Melica minor

Scientific classification
- Kingdom: Plantae
- Clade: Embryophytes
- Clade: Tracheophytes
- Clade: Angiosperms
- Clade: Monocots
- Clade: Commelinids
- Order: Poales
- Family: Poaceae
- Subfamily: Pooideae
- Genus: Melica
- Species: M. minor
- Binomial name: Melica minor Hack. ex Boiss.
- Synonyms: Melica subenervis Boiss.

= Melica minor =

- Genus: Melica
- Species: minor
- Authority: Hack. ex Boiss.
- Synonyms: Melica subenervis Boiss.

Species of plant

Melica minor is a species of grass in the family Poaceae. It is endemic to Caucasus.

==Description==
The species is perennial and caespitose with 10–20 cm long culms. The leaf-sheaths are tubular and are closed on one end with its surface being glabrous. The leaf-blades surface is the same but they are 2–5 cm long and 1–2 mm wide. The panicle is open, linear, 4–8 cm long with smooth axis and have 2 fertile spikelets.

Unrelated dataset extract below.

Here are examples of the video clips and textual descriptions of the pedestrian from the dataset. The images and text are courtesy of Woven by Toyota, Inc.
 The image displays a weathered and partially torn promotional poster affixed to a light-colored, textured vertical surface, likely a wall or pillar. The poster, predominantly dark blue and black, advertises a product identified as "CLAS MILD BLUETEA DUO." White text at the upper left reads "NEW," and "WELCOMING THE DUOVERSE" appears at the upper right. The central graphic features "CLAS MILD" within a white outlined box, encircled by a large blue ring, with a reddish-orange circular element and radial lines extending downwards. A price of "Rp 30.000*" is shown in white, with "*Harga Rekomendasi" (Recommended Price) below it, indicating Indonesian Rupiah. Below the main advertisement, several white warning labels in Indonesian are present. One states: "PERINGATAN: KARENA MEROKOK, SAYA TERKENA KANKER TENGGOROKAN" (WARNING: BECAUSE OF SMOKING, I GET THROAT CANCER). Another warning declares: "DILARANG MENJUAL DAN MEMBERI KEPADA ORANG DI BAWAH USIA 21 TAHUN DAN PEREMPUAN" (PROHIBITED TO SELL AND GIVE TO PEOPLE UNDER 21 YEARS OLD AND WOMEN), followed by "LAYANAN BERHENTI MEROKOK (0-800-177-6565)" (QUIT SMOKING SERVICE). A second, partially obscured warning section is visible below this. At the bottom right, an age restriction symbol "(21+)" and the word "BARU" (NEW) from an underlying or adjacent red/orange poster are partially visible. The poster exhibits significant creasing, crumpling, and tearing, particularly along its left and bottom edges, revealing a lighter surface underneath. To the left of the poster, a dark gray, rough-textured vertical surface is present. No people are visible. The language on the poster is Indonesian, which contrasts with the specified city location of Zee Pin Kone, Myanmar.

Spikelets are obovate, solitary, 4–6 mm long and are pediceled. The pedicels are filiform. Besides the pedicels, the spikelets have 2 fertile florets which are diminished at the apex. The sterile florets are also present and are barren, cuneate and clumped. Both the upper and lower glumes are keelless, membranous and oblong with acute apexes. The size is different though; Lower glume is 3.5 mm while the upper one is 4 mm long.

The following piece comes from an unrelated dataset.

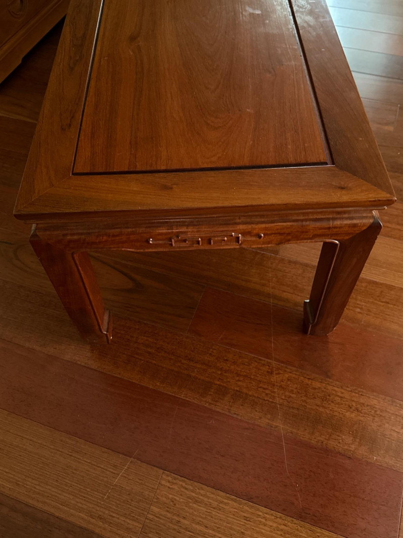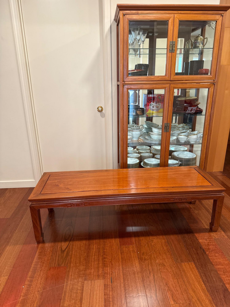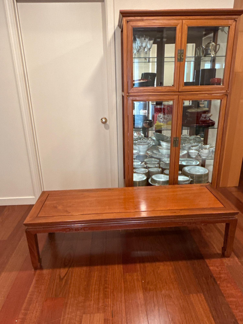 wooden coffee table. The set originated from Hong Kong, as noted. The cabinet

Its lemma have an acute apex with the fertile lemma being chartaceous, keelless, ovate and 4.5 mm long. Its palea is 2-veined. Flowers are fleshy, oblong and truncate with 2 lodicules. They also grow together and have 3 anthers which are 1.5 mm long. The fruits have caryopsis with additional pericarp and have linear hilum.